On 29 August, BRICS, the economic alliance composed of Brazil, Russia, India, China, and South Africa, agreed to expand its confines to the nations of Saudi Arabia, Iran, Ethiopia, Egypt, Argentina, and the United Arab Emirates at the 15th BRICS summit in Johannesburg, South Africa, starting in 2024.
With these additions, BRICS, which already governs 27% of the world population, seeks to further expand its economic gravitas, challenging the dominance of the West in that sector, and leveling out the global socioeconomic order.
Though the acceptance of these nations was agreed upon after only a few days in Johannesburg, the idea had allegedly been considered for over a year, according to South African president Cyril Ramaphosa.
While over 40 nations expressed a desire in becoming affiliated with the bloc, the admission of these specific nations represent specific aims the alliance has in neutralizing Western global power. For instance, the expansion to Iran, the UAE, and Saudi Arabia represents a concerted effort by BRICS to expand influence to Western Asia, bolstering the bloc’s
multipolarism, while incorporating nations with some of the most profitable natural oil reserves in the world.

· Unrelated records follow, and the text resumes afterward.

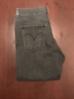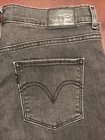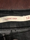 Levis Classic Crop in Comfy Stretch Cotton Blend Size 12 with Black Studded Slit Details - Charcoal Gray Denim Jeans. The 3 1/2” slit at hem forms a small kick flare effect. Excellent condition with no other than one white thread more exposed than the rest as shown in photo on back of leg: Waist 17” Hip 19 1/4” Rise 10 1/2” Inseam 24 1/2”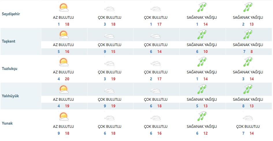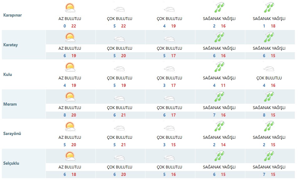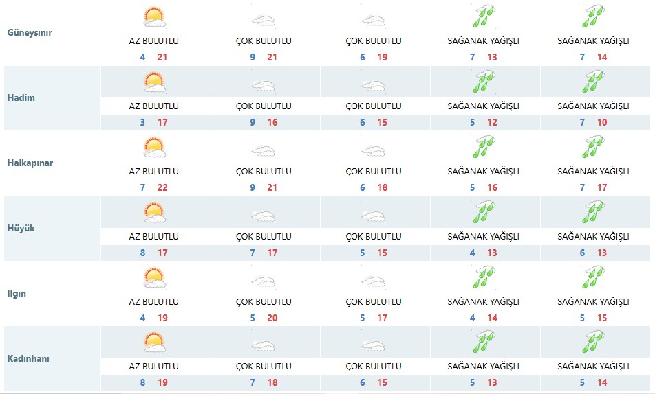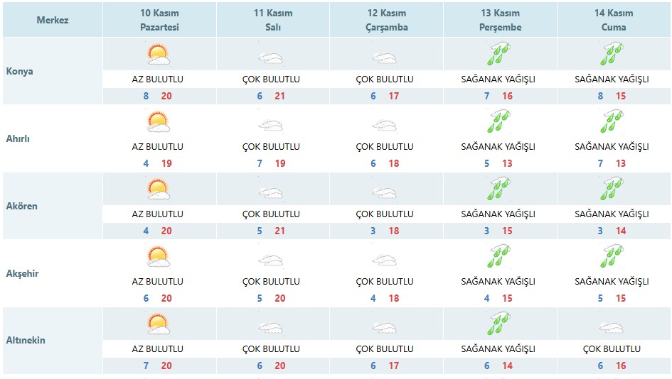Konya'da hafta ortasından itibaren yağışlı hava etkili olacak. Meteoroloji verilerine göre kentte 13 Kasım Perşembe ve 14 Kasım Cuma günü sağanak yağış bekleniyor. Hafta başında 20-21 derece civarında seyreden hava sıcaklıklarının, yağışla birlikte 15 dereceye kadar düşeceği tahmin ediliyor.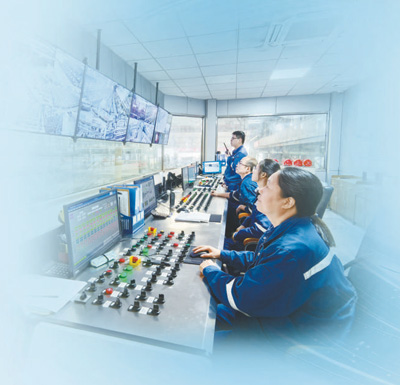 新长江集团旗下江阴市金属制管厂自动化生产线操作室,工人正在监督设施运行,确保安全环保。 |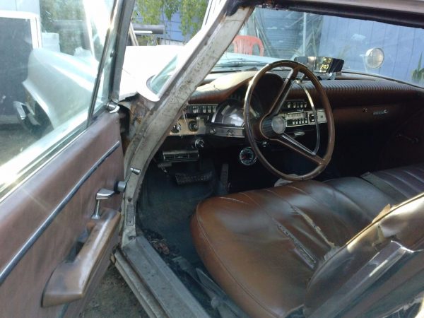 Under the hood, Chrysler 300 H models sported a 413 cubic inch V-8. I assume this is an H model, as the lesser series 300s packed 383 cubic inch engines. Unfortunately, the owner does not specify so. These could also be equipped with a cross ram manifold with two four barrel carburetors, but this one appears to have a single carb manifold. There are some non stock components visible, such as that yellow coil and the valve cover wing nuts, so maybe the owner has a cross ram manifold for it. We can only hope. On the good side, the air conditioning system seems intact, and the belts are still connected. I doubt it is still functioning, but I’ll bet the A/C is repairable.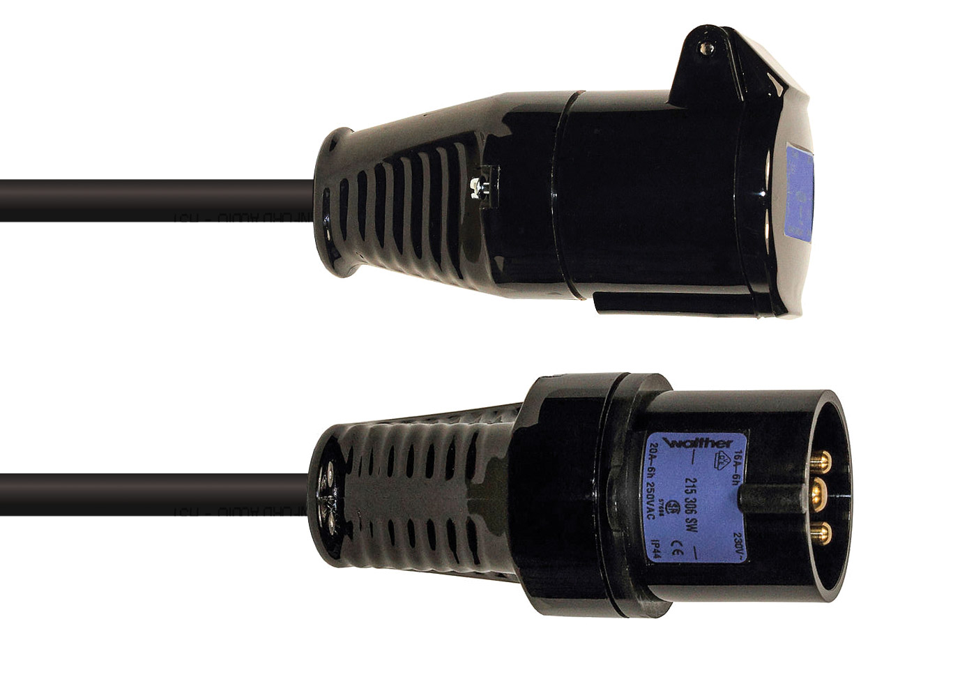 These 16 Amp cables have a Walther 310306SW 16 Amp black cable socket and a Walther 210306SW 16 Amp black cable plug, and use 2.5mm² (20 Amp rated) cable with a black rubber jacket.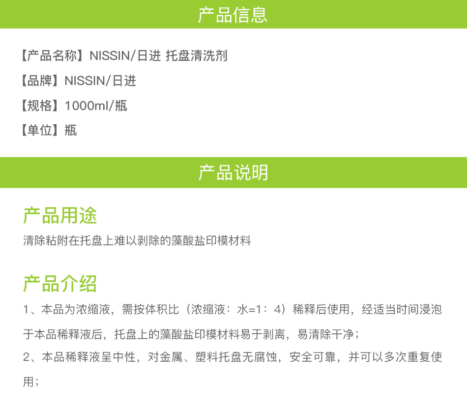 日进/NISSIN 托盘清洗剂 1000ml/瓶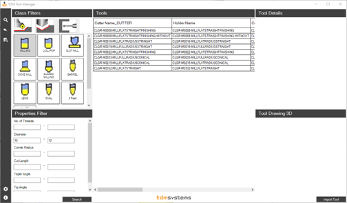 Select one or more cutters then click Import Tool. The cutter assemblies information is downloaded over your internet connection and imported into Cimatron using same mechanism regularly used for import.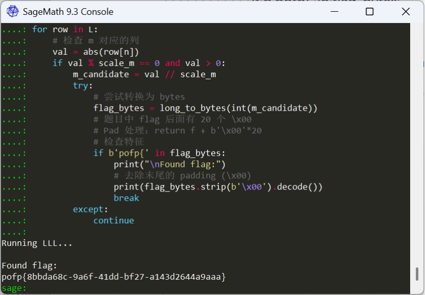 所以第一步我们的目标是还原X,下面是sagemath脚本: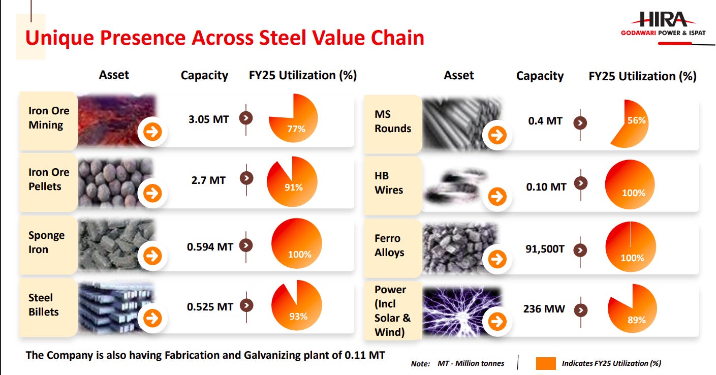 Hira operates across the full steel value chain — from iron ore mining and pellets to sponge iron, billets, ferro alloys, HB wires, MS rounds, and captive power — ensuring strong raw-material security and margin stability. FY25 utilisation levels are high (77–100%), reflecting strong demand, operational efficiency, and integrated cost advantages.

Despite the expansion strengthening a level of economic pull, tensions between member nations are potentially exacerbated by it, too. India, for example, finds itself struggling to equate a balance between economic influence and Western allyship, an issue already present given the membership of China and Russia, and further accelerated by the addition of nations like Iran.
The addition of Ethiopia demonstrates an acknowledgment by the international community of the second most populous African nation’s rapid economic development, as well as a reference for South Africa to exert its own global relevance.

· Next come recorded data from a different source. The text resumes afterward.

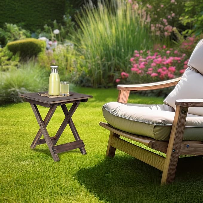 • DURABLE MATERIAL: The small outdoor folding table is made of 100% acacia wood - Acacia hardwood is known for its natural. The round side table is sanded down by hand, stained, and oiled for a natural, smooth finish; to prevent cracking, splitting, and not fade. Weighing in at only 3.96 pounds (1.8 kgs), this lightweight and certified solid wood table is durable and weather resistant.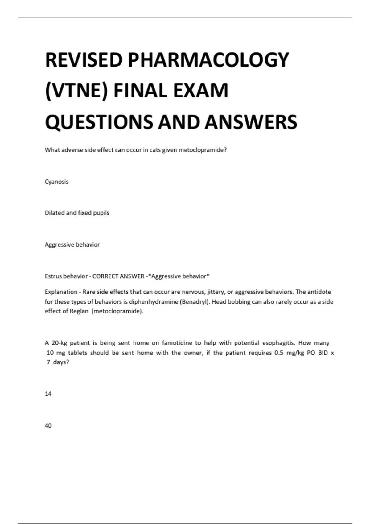 Ace your VTNE Pharmacology Final Exam 2025 with this revised and verified question-and-answer test bank, designed specifically for veterinary technician students preparing for the Veterinary Technician National Exam in the United States. This resource includes real exam-style questions, accurate answers, and comprehensive rationales covering drug classifications, dosage calculations, pharmacokinetics, and safe medication practices for animals. Perfect for last-minute review or in-depth study, this test bank mirrors the actual VTNE format to boost confidence and ensure exam success. Download now to study smarter and earn A+ results in VTNE Pharmacology!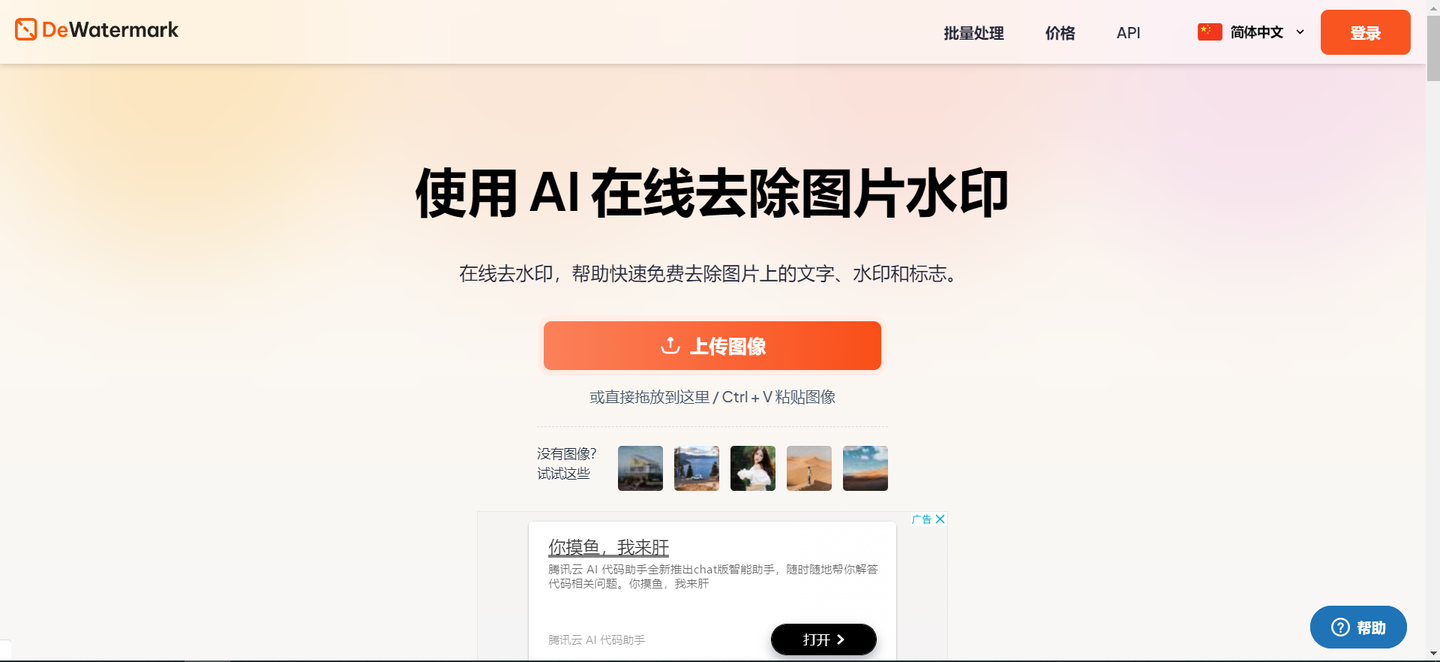 DeWatermark 是一个专注于去除图片文字水印的宝藏网站。它借助先进的 AI 技术,高效去除水印,尤其擅长对付全屏文字水印,而且完全免费,没有任何充值入口,简直太良心了。

In Argentina, BRICS establishes an even stronger foothold on the Americas by adding another 46 million people to its governance, while strengthening commercial ties to one of the absolute powerhouses of the group, Brazil.
Lastly, inviting Egypt to BRICS represents the alliance’s aim to “raise the voice of the Global South,” according to Egyptian president Abdel Fattah el-Sissi, and to take on a massive nation in North Africa who may be a ‘sleeping giant’ of sorts. If Egypt, which is currently plagued by a lack of diversified economy and immense sovereign debts, can be pulled out of this economic crises by their admission to BRICS, then perhaps, with their grand population of 109 million, they may be later able to provide a level of extra financial power to the group, which may prove especially valuable given Egypt’s ties to both Middle Eastern members like the UAE and Saudi Arabia, and more ‘foreign’ powers like fellow members Russia and India.
On the whole, BRICS aims to be a coalition of emerging economies whose multipolarism can attack the growing issues and circumstances of today from a wider range of perspectives than those of other groups like the G7.
The emerging relevance of BRICS seems inevitable, and this expansion of six may be the push needed for the international group to finally subvert the order of global politics.